Friday, May 13, 2016

10 Essential Banking Terms You Need to Know



10 Essential Banking Terms You Need to Know


1. Compound interest:
To put it simply, this refers to interest paid on the returns your money earns, so that your principal balance grows at a faster pace. Compounding is an important concept to understand, as it can play a vital role in achieving long-term financial goals, like saving for retirement.

2. Prime rate:
This benchmark is the interest rate that banks and other financial institutions charge their best customers for loans. It is used to set interest rates for many other products, including home equity loans, adjustable-rate mortgages, lines of credit and credit cards.

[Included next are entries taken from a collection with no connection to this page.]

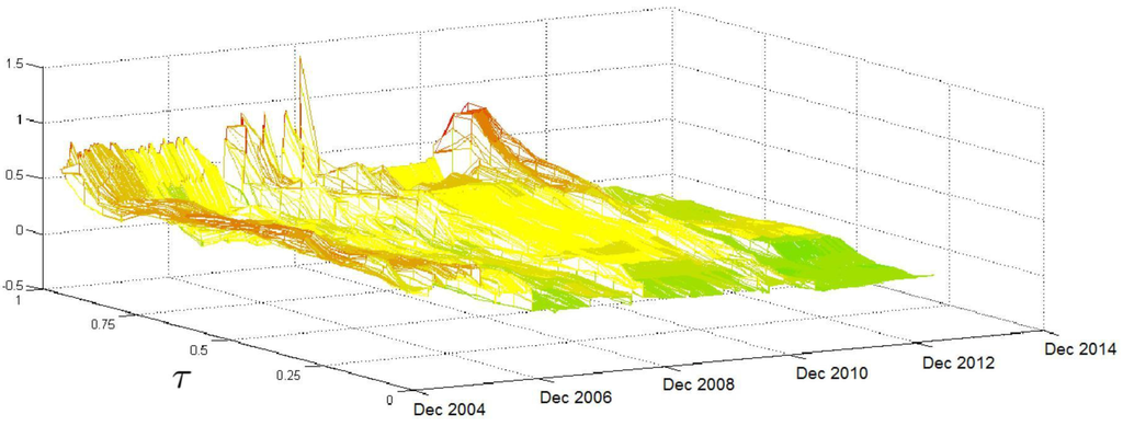 Figure 4 shows two periods in which the coefficient has high values: between the end of 2008 and early 2010 and a shorter period from the end of 2011 to the first half of 2012. While, in the first period, the impact of significantly increases for all τ levels; in the second period, the increase in the coefficient affects just the surface region in which τ takes high values. Unlike the HAR coefficients described above, the coefficient does not have a clear and stable increasing trend over τ. In addition, the relationship between the conditional quantiles and is highly sensitive to the subprime crisis when pessimism among financial operators, reflected in the implied volatility of the S&P 500 index options, was acute. This result is again somewhat expected because we focus on U.S.-based data, and the subprime crisis had a high impact on the U.S. equity market. Our results are evidence that the perception of market risk has a great impact on the evolution of market volatility (as proxied by ), particularly during financial turmoil. The impact is not so clear-cut during the European sovereign crisis, which had less effect on the U.S. equity market.
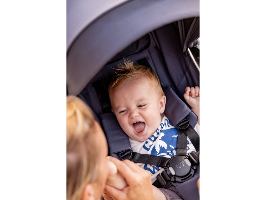 Pro maximální pohodlí od prvního dne nabízí egg® Sky nastavitelnou opěrku zad s polohou zcela do lehu, díky čemuž je vhodný od narození až do 22 kg. Sedací část je vybavena velkým ventilačním oknem, jednou rukou nastavitelnou opěrkou noh a bezpečnostním pásem s rychlým nastavením výšky. Ramenní polstrování a pětibodová magnetická přezka zajišťují jednoduché, bezpečné a intuitivní připoutání.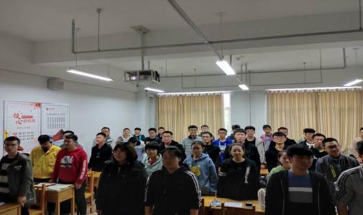 首先全体师生齐唱校歌,在悠扬雄浑的歌声中,同学们领略了军工文化和太行精神;接着张老师给同学们讲了学校的历史沿革、太行精神、我校参与研制的武器设备及科研成就与国防安全,最后还倡导同学们勇于担当时代大任,做敢为人先的新时代青年。接下来是同学们观看新中国成立70周年的的光辉历程、建党建国和社会主义建设中涌现出来的典型事迹和先进人物视频。最后同学们以歌曲《我和我的祖国》结束此次班会。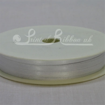 Beautiful 3mm (approx. 1/8 inch) wide Double faced Satin woven ribbon on a 50 metre roll/reel. Colour WHITE.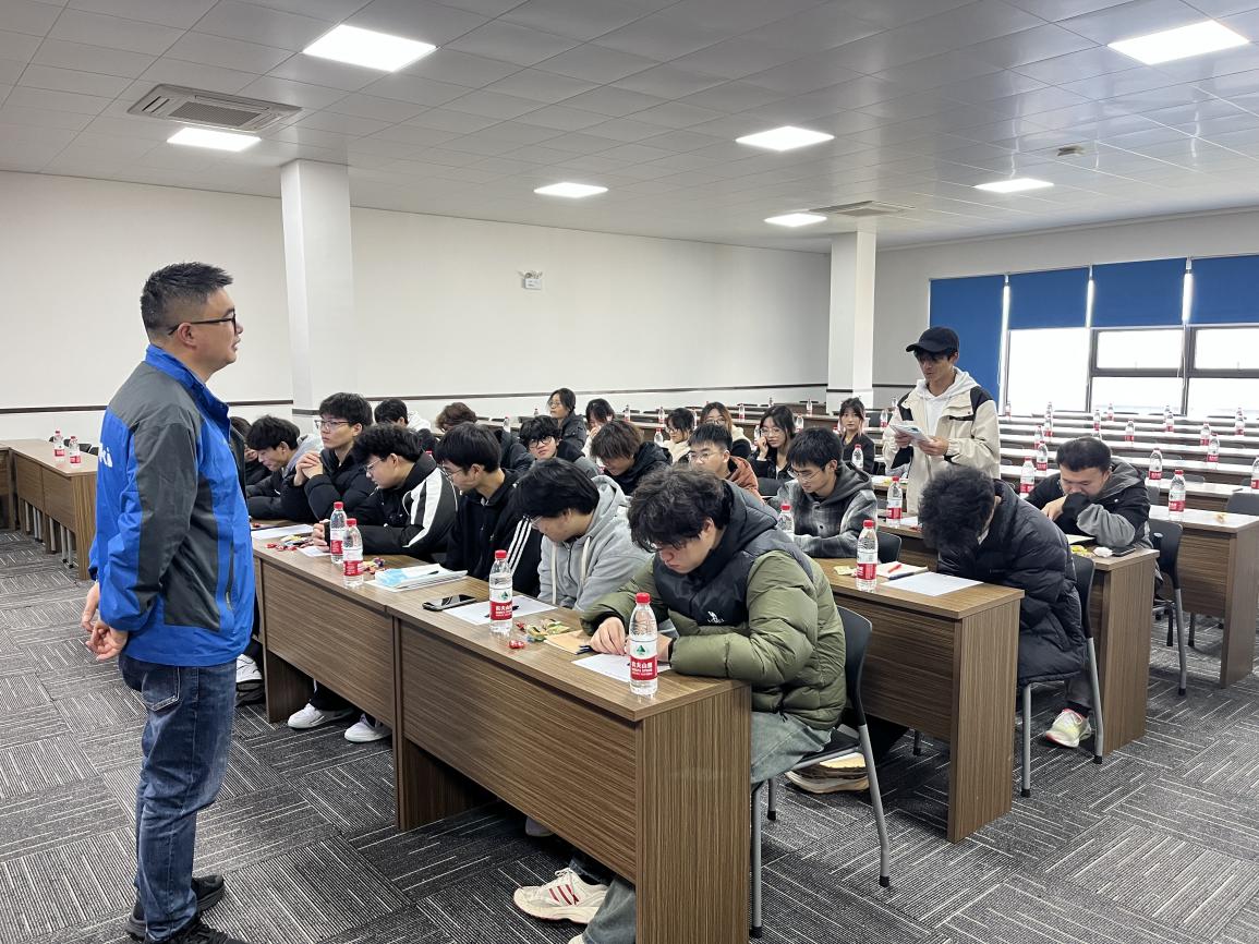 在接下来的专项培训过程中,江总向同学们仔细介绍了缝制设备核心技术、关键零部件加工制造、行业状况等来自企业一线的实际内容,同学们听得入神,记得仔细,同时还踊跃与江总互动,提出自己关心的问题,整场培训热闹非凡。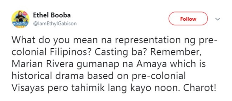 The 41-year-old entertainer showed her support for Soberano and even compared the similar casting choice involving the Kapuso actress Marian Rivera who played the role of Amaya in a drama based on the pre-colonial Visayas.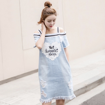 韓版bf風(fēng)寬松顯瘦磨破流蘇短袖牛仔裙一字領(lǐng)露肩吊帶連衣裙 /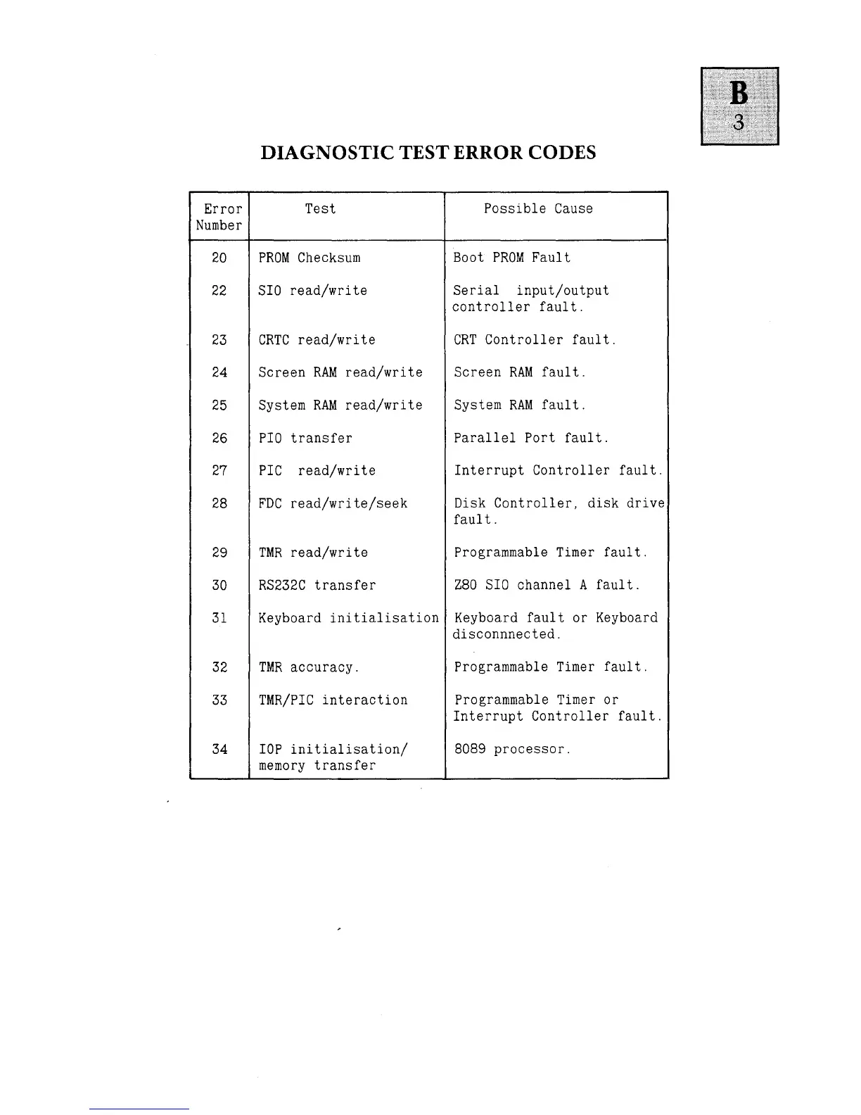 TEST ERROR CODES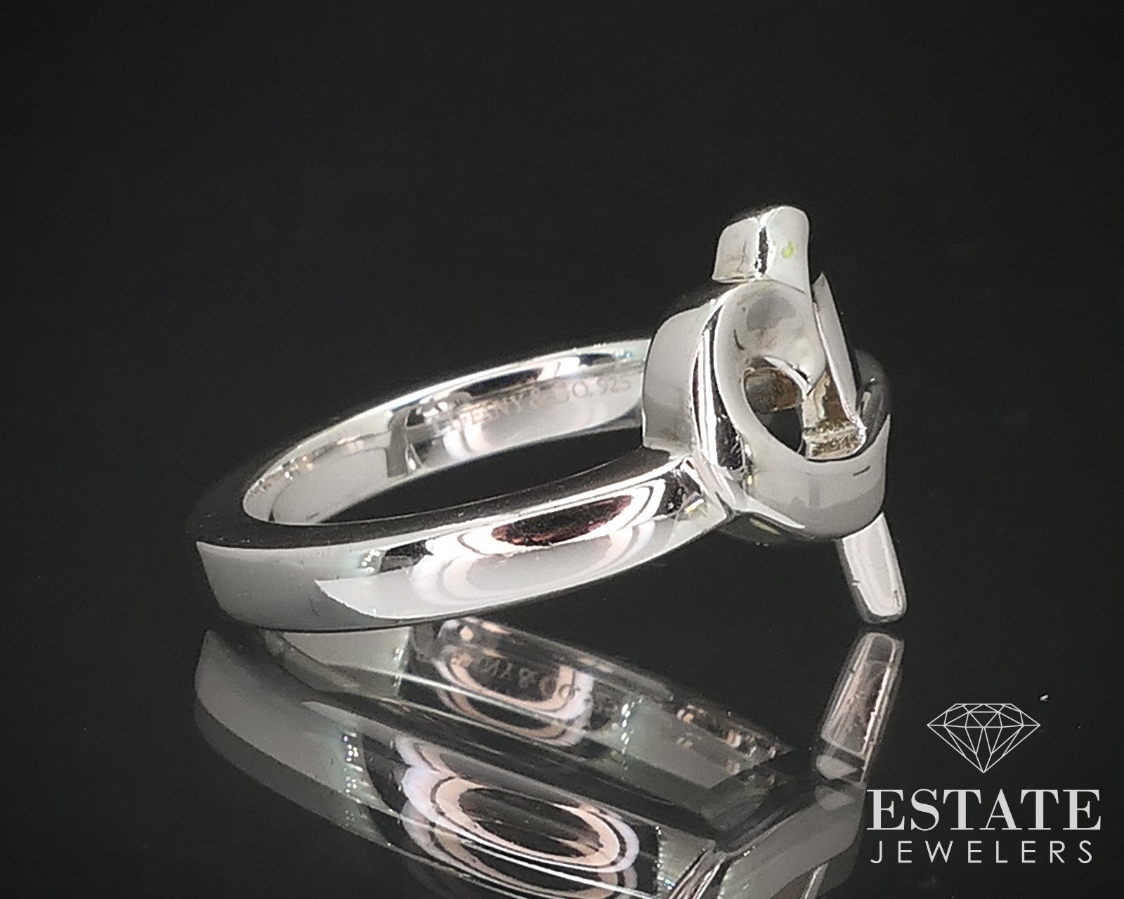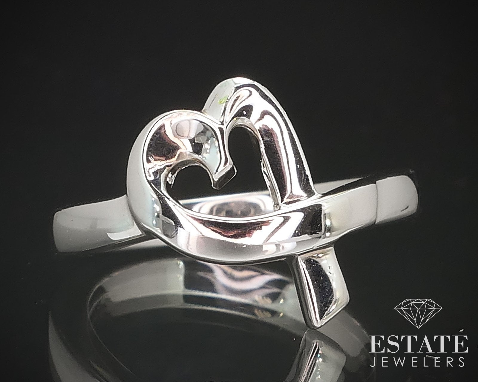 Genuine Tiffany ring with the the classic loving heart design as the face. 14mm tall front. Stamped 925 Tiffany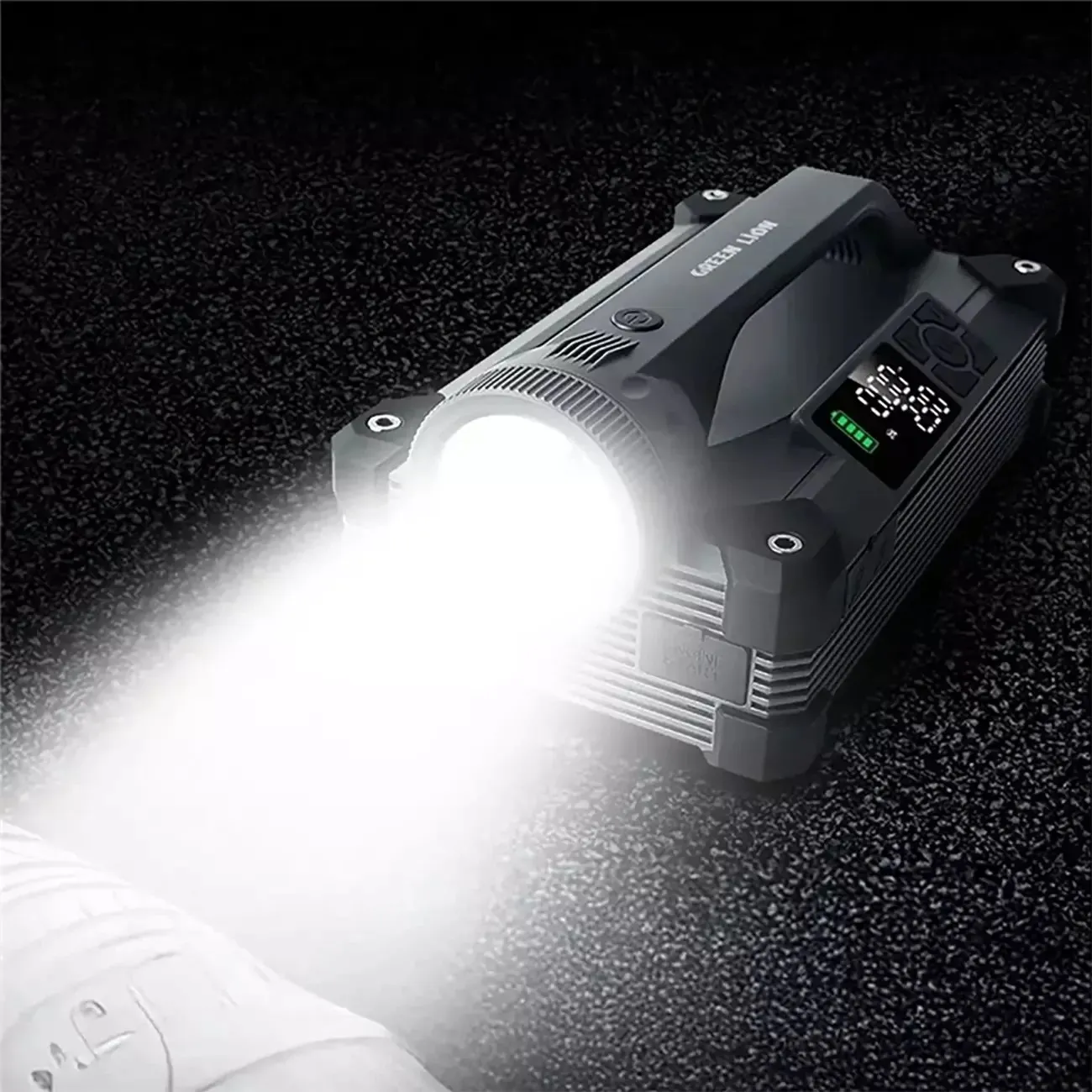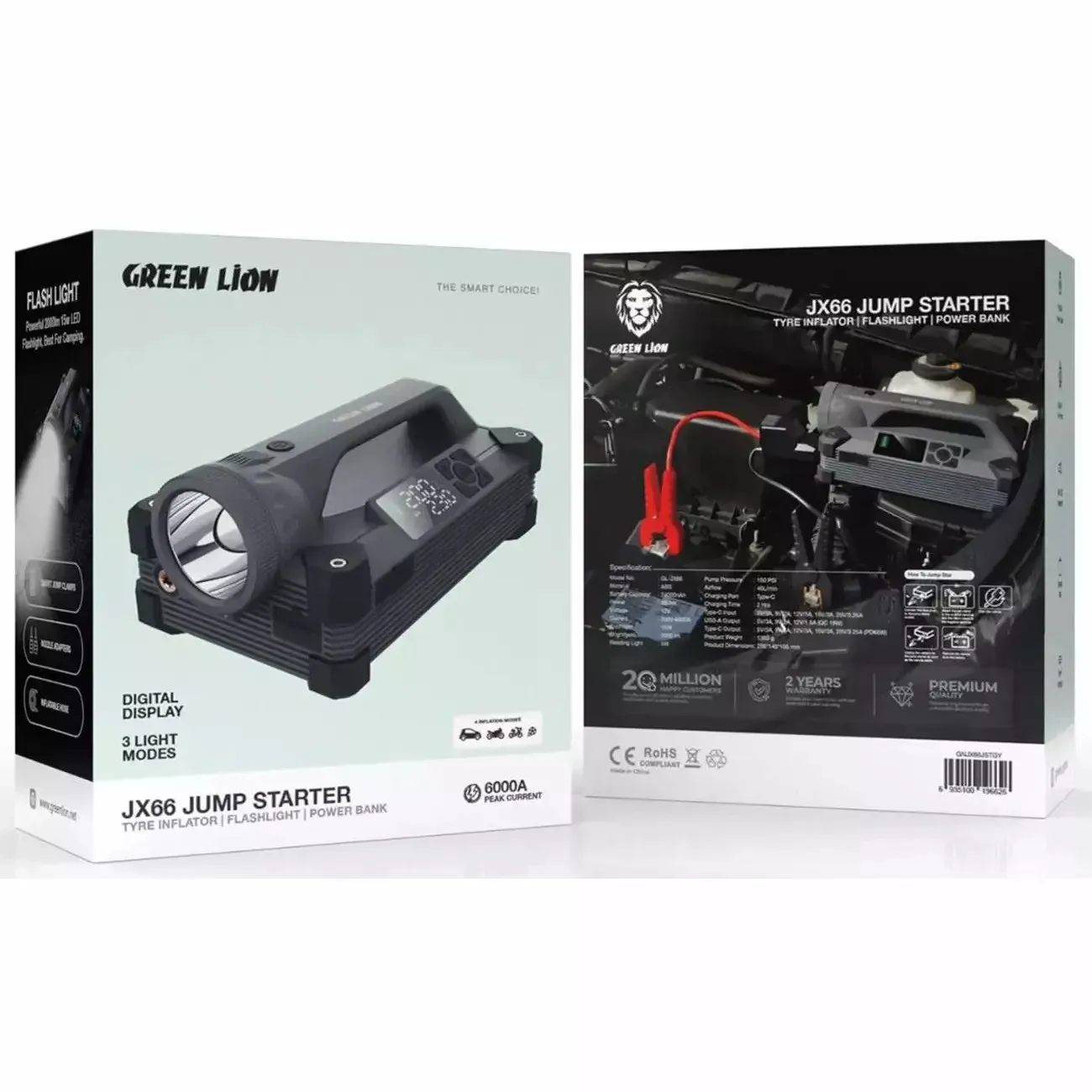 این مدل از جامپ استارترهای گرین لاین، یک دستگاه چندمنظوره با ظرفیت بالا است که هم به عنوان پاوربانک و هم استارت خودرو (برای موتورهای بنزینی تا ۶ سیلندر و دیزلی تا ۴ سیلندر) عمل میکند. دارای خروجی DC 12V برای استارت زدن، پورتهای USB-A و USB-C با پشتیبانی از فست شارژ (Quick Charge) برای شارژ سریع دستگاههای همراه است. همچنین یک چراغ LED چندحالته (نور معمولی، فلاش، SOS) برای استفاده در شب یا مواقع اضطراری دارد. طراحی آن جمع و جور و همراه با کابلها و اتصالات ضروری است که آن را برای مسافرت و استفاده روزمره ایدهآل میکند.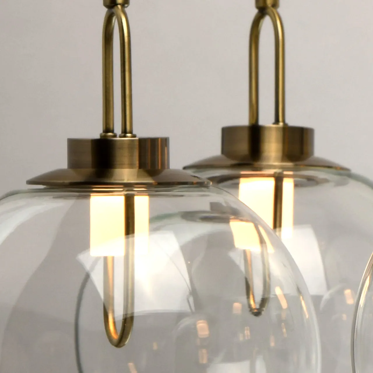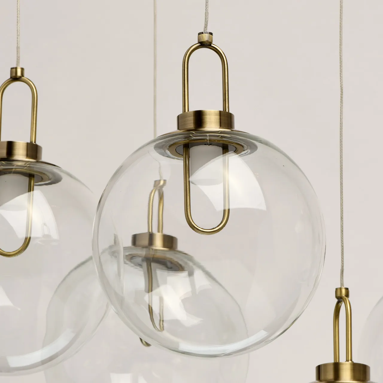Металлическое основание цвета античной бронзы. Плафоны из прозрачного стекла.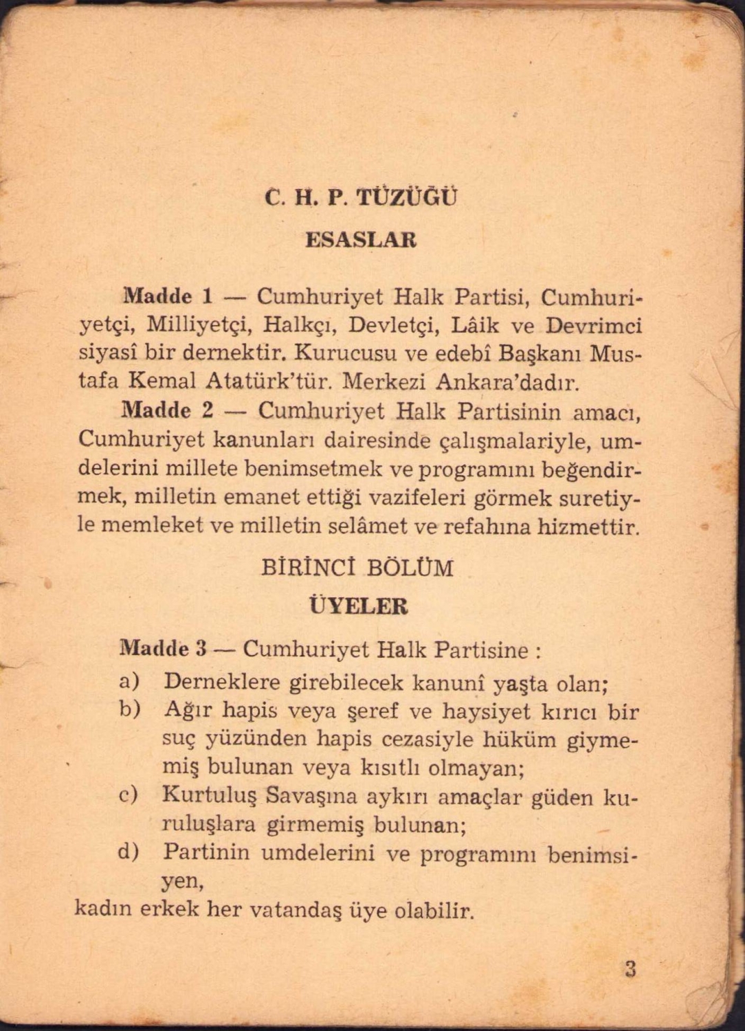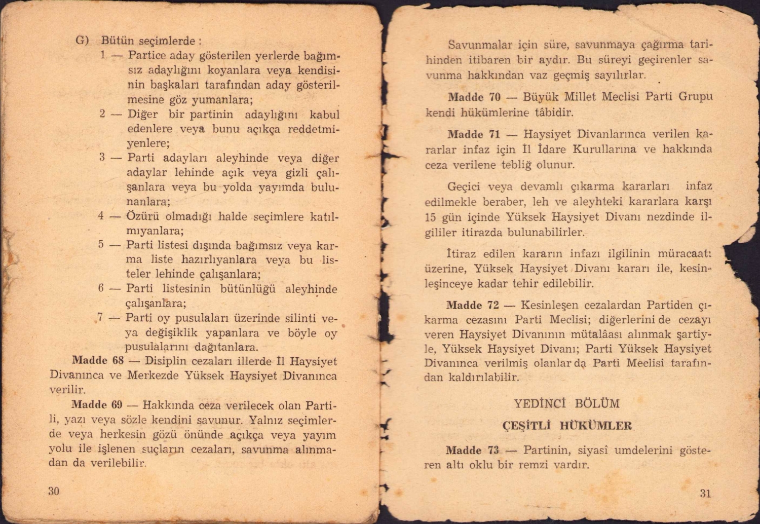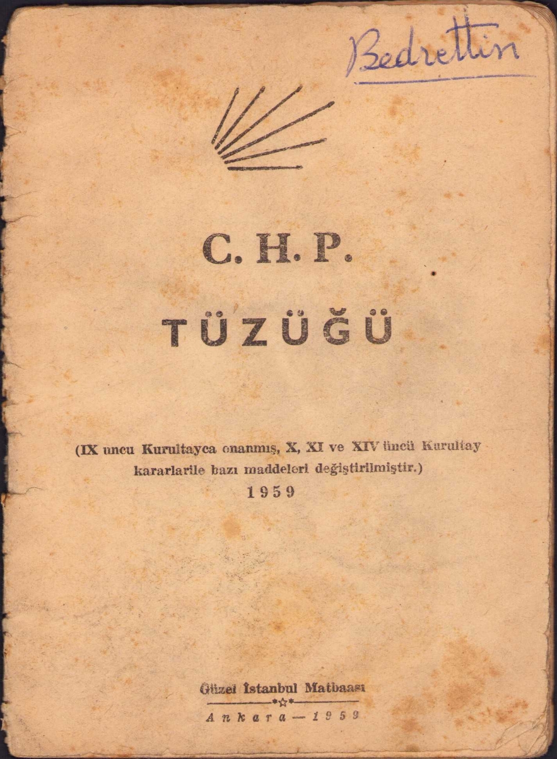 1959 CHP Tüzüğü, Ankara, 1959, 31 sayfa, 10x15 cm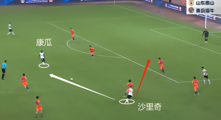 机会很快到来,康瓜与沙里奇的前场搭配初露锋芒。沙里奇本身不粘球,无球跑动积极,前插抢点十分坚决;康瓜也更乐意与队友寻求配合而并非自己单干,这对“黄金搭档”在下半场给有些松懈的泰山后防线造成了很大压力,进球也是水到渠成。

The prime rate is tied to the federal funds target rate, which is set by Federal Reserve policymakers and governs overnight interbank lending. This is an important gauge, because when it changes, so will the prime rate.
3. Escrow:
This describes money or a financial instrument held by a third party on behalf of two others engaged in a transaction. The most common example is during the purchase of a home—escrow is used when a buyer and seller sign a purchase agreement, and the money involved is held in escrow to be delivered when certain conditions are fulfilled. Lenders often use escrow accounts to hold money from mortgage borrowers for property tax and insurance payments, both to make covering those obligations easier and to ensure they’re paid.
4. Co-signer:
This refers to someone who agrees to take responsibility for another person’s debt in the event payments aren’t made. Lenders may require a co-signer on a loan for a high-risk borrower with poor credit or a scanty credit history. Parents sometimes co-sign a child’s car or student loans. Such debts are reflected on both co-signers’ credit reports, and a default will affect each one.
5. Annual percentage rate:
The APR is the cost per year of a debt such as a loan, including the nominal interest rate and any related fees, expressed as a percentage of the principal owed. It’s an important figure to understand because it represents the actual yearly cost of borrowing money.
6. Annual percentage yield:
The APY is the interest earned annually on a savings or investment account, including the effects of compounding. The quoted APY tells you how much you’re really making on your money. For example, $10,000 in savings earning a nominal 4% a year would provide a 4.08% APY with daily compounding, according to this calculator.
7. Cash advance:
Credit card holders get one of these when they receive cash directly from the account, often through an ATM or by using a check issued by the card provider. While an advance can deliver fast cash, it typically comes with a fee of 3% to 5% of the amount, which may be capped at several hundred dollars. The interest rate the card issuer charges on this sort of borrowing can be significantly higher than the rate on purchases or balance transfers. It’s best to reserve cash advances for emergencies.
8. Overdraft:
This happens when money is withdrawn from a bank account and more than exhausts the available funds, often resulting in an overdraft fee as the financial institution covers the difference. These often costly charges can be avoided by keeping extra money in the account as a buffer.
9. Returned item:
This is a check or debit that is turned back because there isn’t enough money in the account it’s drawn on. As with overdrafts, there is a fee for returned items, which can cost $5 to $35, depending on the financial institution, and there may also be charges from the recipient of the check or debit. You can avoid this situation most easily by keeping a cash cushion in the account.
10. Collateral:
This is typically an asset used to secure a loan. If you fail to make payments on the debt, the lender may be able to seize the property used as collateral, such as a residence financed with a mortgage or a car purchased with an auto loan.